The phenomenon of counterfeit contours appears especially in the moving areas where strong transformations (object contours) have occurred, or more commonly in switchover to high weight levels in coding the video. In the case of a color screen, it is evident because the appearance of a "counterfeiting contour" due to the misjudgement of the three components R, G, and B appears on the panel for the area of this contour. Thus, this phenomenon is linked to the system for temporal modulation of the level of video and to the eyes of a person who actually acts as an assimilation, resulting in inaccurate contours.

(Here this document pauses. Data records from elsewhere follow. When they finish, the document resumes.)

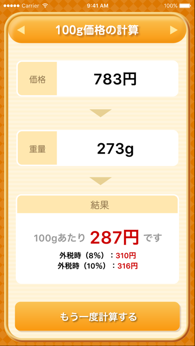 - 100グラムあたりの値段を瞬時に計算してくれる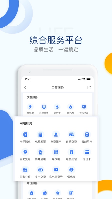 一站式智能交费功能包括智能交费,满足全天候交费需求,提供多种便捷安全的电费支付体验;电子账单可查询每月用电明细,还有趣味账单等新功能;电费发票能在不同业务场景下实现个人、单位和集团内业务电子发票查询以及纸质发票开具;交费服务支持26个省市电费、23个省市水费、14个省市燃气费、5个省市有线电视费交费;业务办理新增电代煤和供暖期阶梯功能。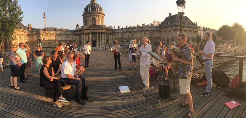 • En juin 1982, la fête de la musique qui, n’en déplaise aux snobs et au pisse-vinaigre, a permis chaque 21 juin à tous les musiciens amateurs de se produire dans la rue sans que les gendarmes ou policiers viennent les en empêcher. Je les ai toutes faites, des Champs-Élysées en 1982 à la passerelle des arts depuis pus de dix ans, à l’endroit même où Aya Nakamura et la Garde Républicaine ont interprété For me Formidable lors de l’ouverture des jeux olympiques. Et à chaque fois, en en remerciant Jack d’un mot ou d’un tweet.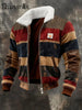 Herren Retro-Farb block druck lässiger Pelz kragen Sweatshirt mit Reiß verschluss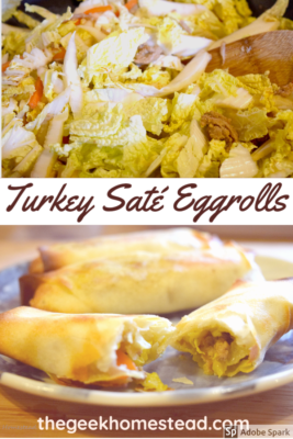 Turkey and sate probably don’t seem like they should go together, and at first, when I made these turkey sate eggrolls, I wasn’t sure how they would taste. I’m also not a big fan of cabbage! I was pleasantly surprised that I actually liked these.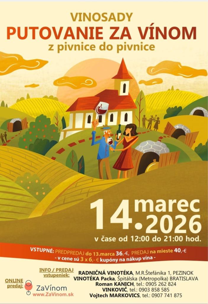 Vinári z obce Vinosady čoskoro otvoria svoje pivnice, aby milovníkom dobrého vína a regionálnych tradícií ponúkli to najlepšie zo svojej produkcie. Podujatie Putovanie za vínom z pivnice do pivnice sa bude konať 14. marca 2026.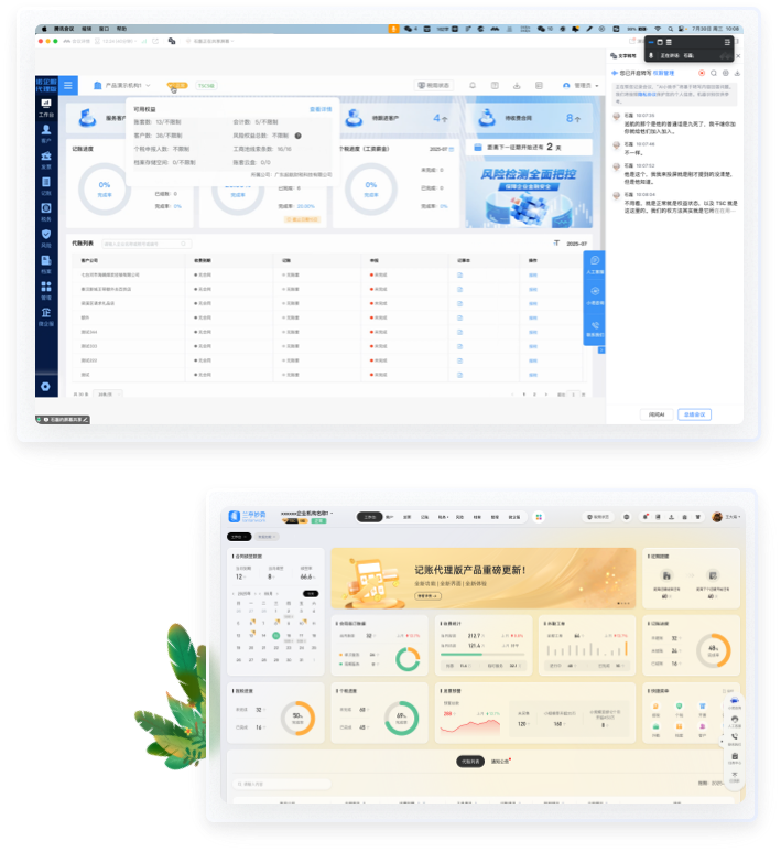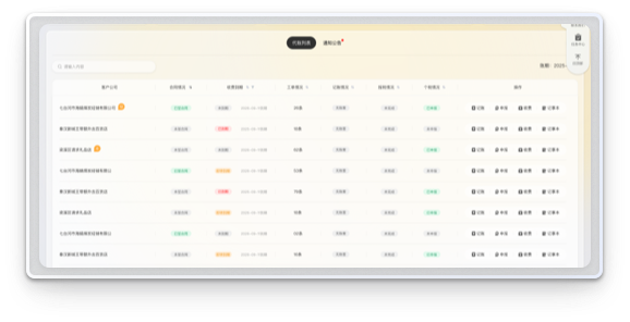 首页被定义为"代账驾驶舱"------不是简单罗列数据,而是按"今日必须处理→本周重点关注→长期风险预警"三级节奏组织信息。通过卡片化分区、进度可视化、色彩层级提醒,把"代账公司老板最关心的经营指标"与"会计最急迫的待办事项"并排呈现,实现从工具到生意参谋的跃迁。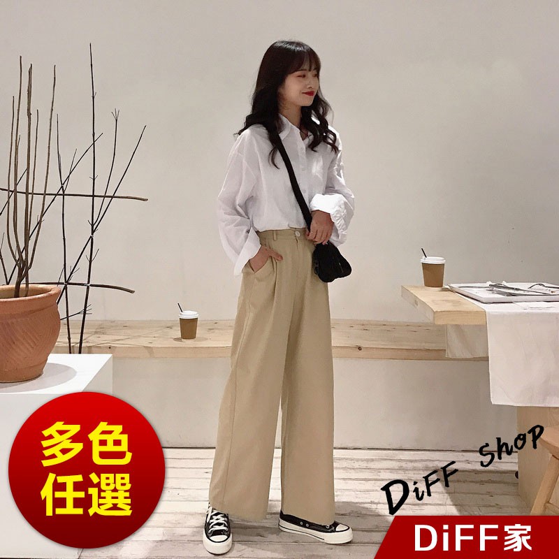 【DIFF】韓版百搭寬鬆喇叭休閒褲 寬褲 喇叭褲 褲子 長褲 休閒褲 女裝 工裝褲【P105】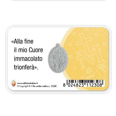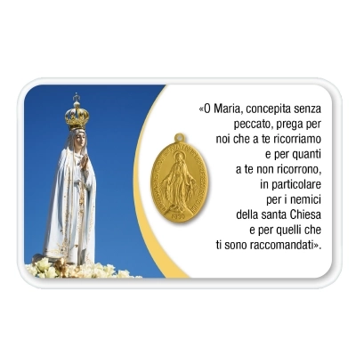 Medaglia Miracolosa realizzata in alluminio color oro, inserita al centro di una card, delle dimensioni di 8,8x5,5 cm. La grafica è moderna e accattivante, molto utile è inoltre la plastificazione che permette alla medaglia e al santino di essere trasportati ovunque, senza il rischio di rovinarsi e stropicciarsi. Questa card è dedicata alla Madonna di Fatima e contiene una bellissima preghiera in italiano.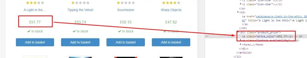 Similarly, you can find the price data stored inside the p tag of class price_color.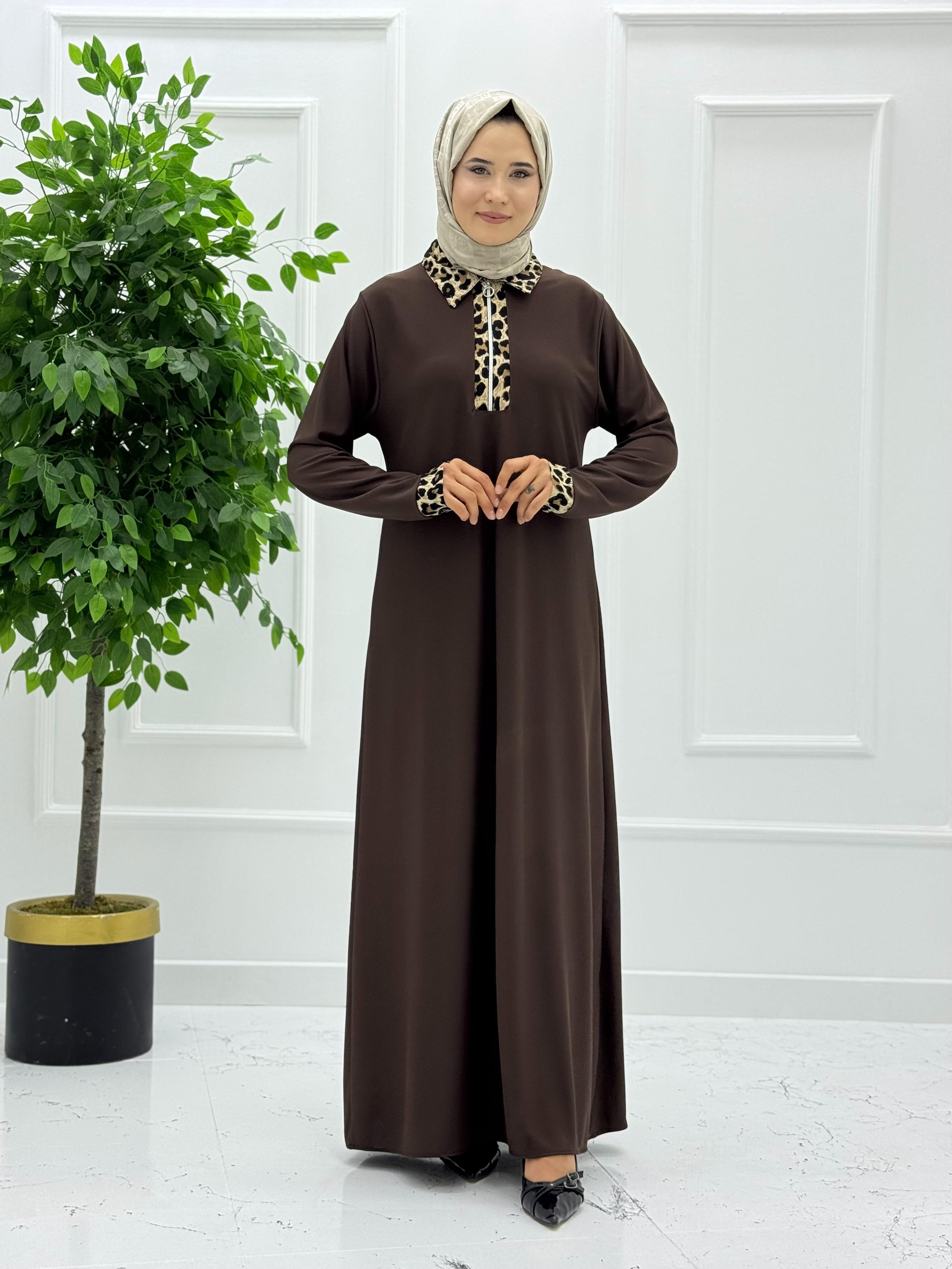 1550 boydan yakası fermuarlı leopar desenli elbise kahverengi (1550)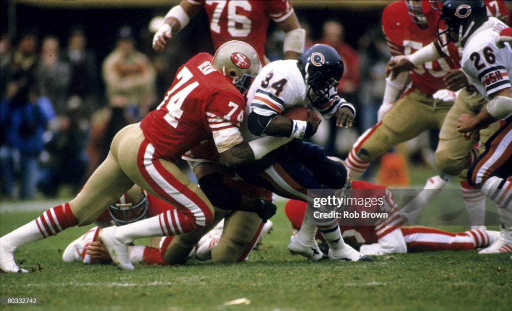 Neither team played particularly well in the first half. Chicago took the opening kickoff and moved the ball 54 yards, 29 on carries by Walter Payton. But the drive stalled at the 49ers 23 and ended with no points when Bob Thomas missed a 41-yard field goal attempt. San Francisco then drove to the Chicago 2-yard line in 8 plays, but quarterback Joe Montana fumbled the snap on third down and had to dive on the ball. After that, Ray Wersching kicked a 21-yard field goal to make the score 3-0. 49ers safety Dwight Hicks gave the team a great chance to increase their lead more by intercepting a pass from Fuller in Chicago territory. San Francisco made it all the way to the 2-yard line again, but this time they did not even get a field goal as Montana was intercepted in the end zone by safety Gary Fencik. A 66-yard drive to the Bears 4-yard set up Wersching’s second field goal in the second quarter, giving the 49ers a 6-0 lead. Meanwhile, the Bears offense would go the entire period without gaining a first down. Fencik intercepted another pass from Montana, but Chicago could not do anything with the turnover opportunity.
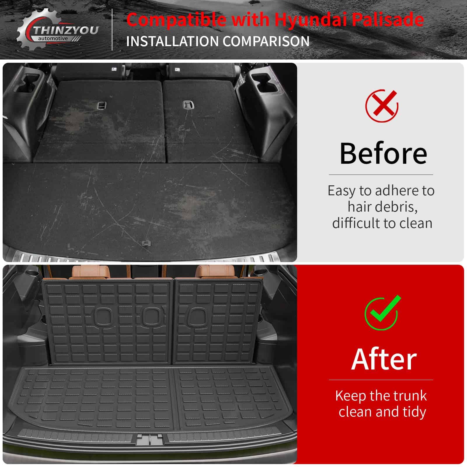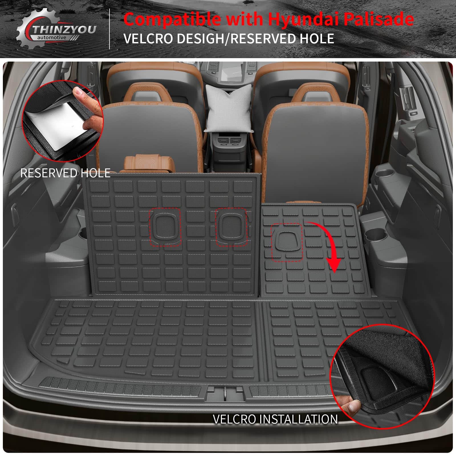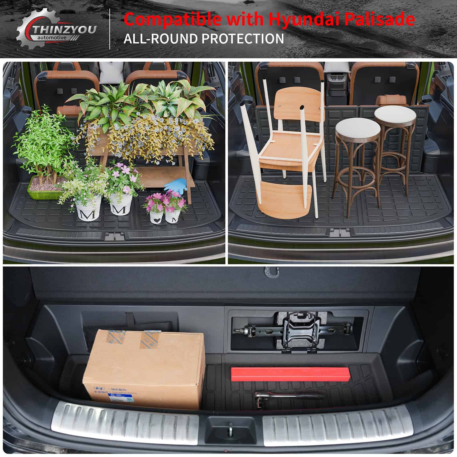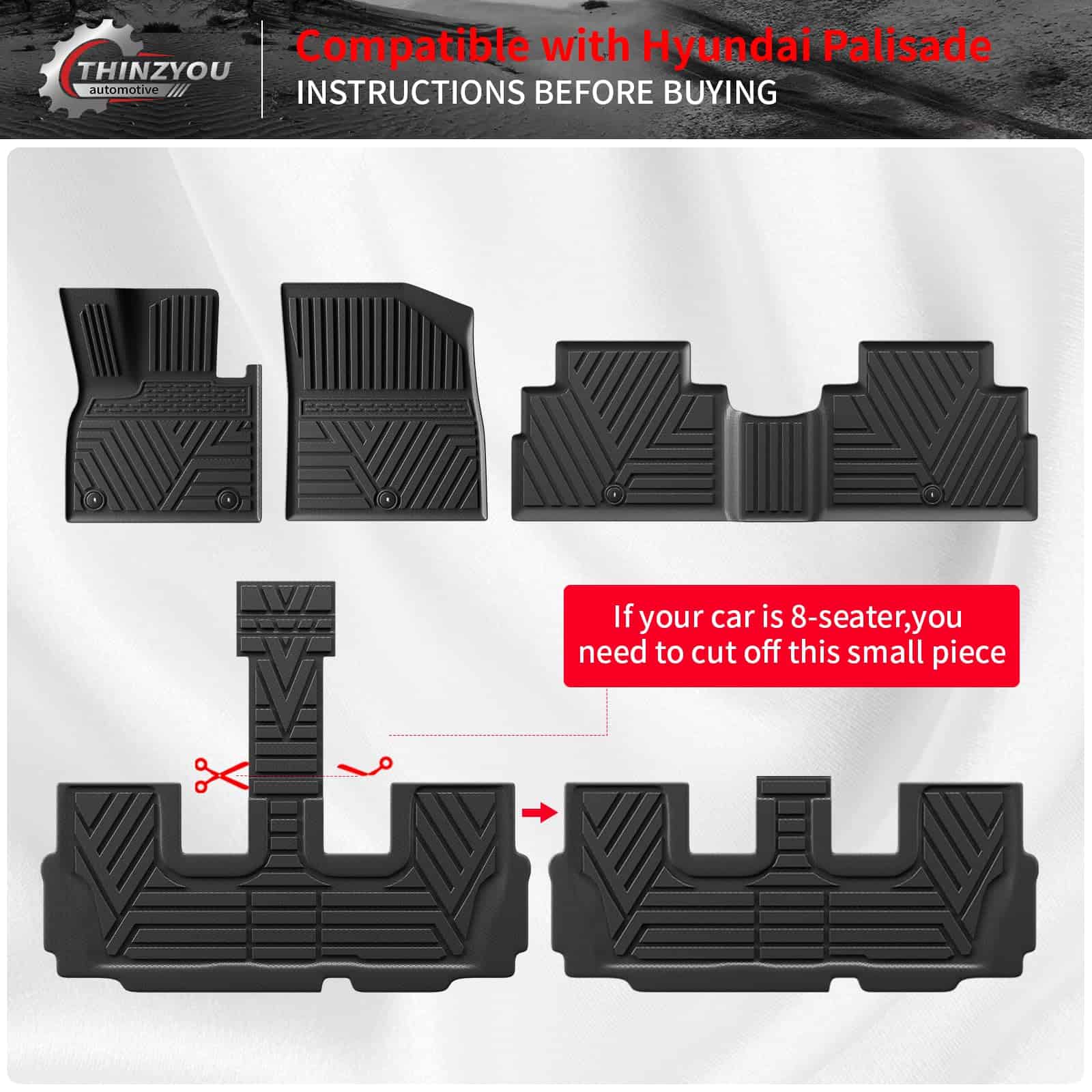 1. Compatibilidad: Estos tapetes de carga son adecuados para Hyundai Palisade 2020 2021 2022 2023 2024 2025 con tercera fila, ¡son adecuados para 7 y 8 asientos!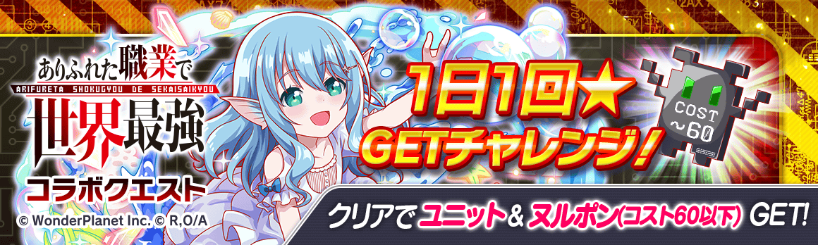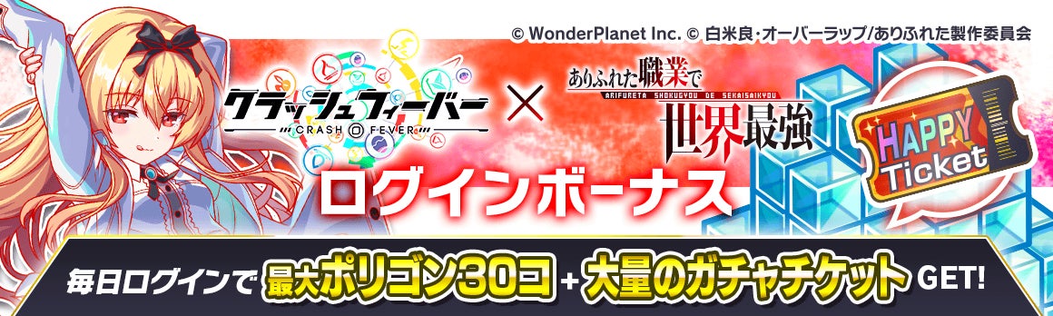 エンターテインメントサービス事業を行うワンダープラネット株式会社(本社:愛知県名古屋市、代表取締役社長CEO:常川友樹、東証マザーズ上場:証券コード4199、以下当社)は、iOS/Android端末向けに配信中のスマートフォンゲーム『クラッシュフィーバー』において『ありふれた職業で世界最強』とのコラボイベントの実施を決定したことをお知らせいたします。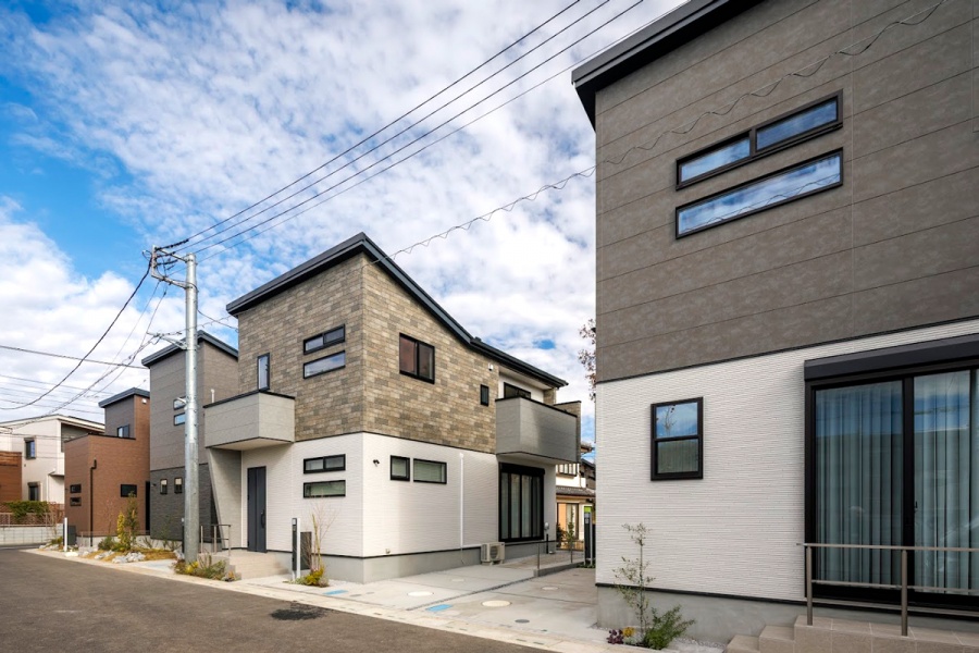 味わいと洗練を感じさせる石目調の外壁材を深い色合いでまとめた街並み。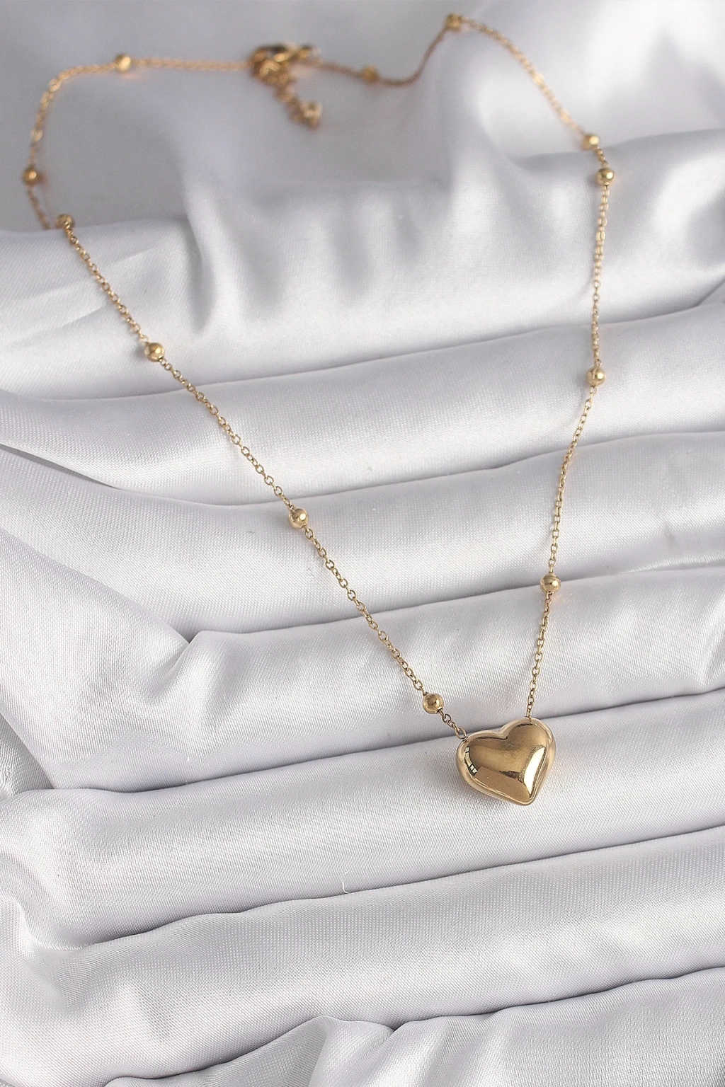BFS 316L Çelik Gold Renk Topçuk Detaylı Zincir Kalp Model Kadın Kolye

The solution to this problem is to code gray levels that are intended to be transmitted in more bits than the theoretically required bits (8 bits to code 256 levels), i.e., the problem is more likely to achieve better time distribution of the information. There is a problem with allowing many sub-scans. This is because by increasing the number of sub-scans, the corresponding weight of the sub-scans is reduced, so that the problem during switchover is limited. Given the current panel characteristics (number of lines Nl) and the time required to address a line (tad), it is possible to perform 10 sub-scans (n = 10) within 20 ms. .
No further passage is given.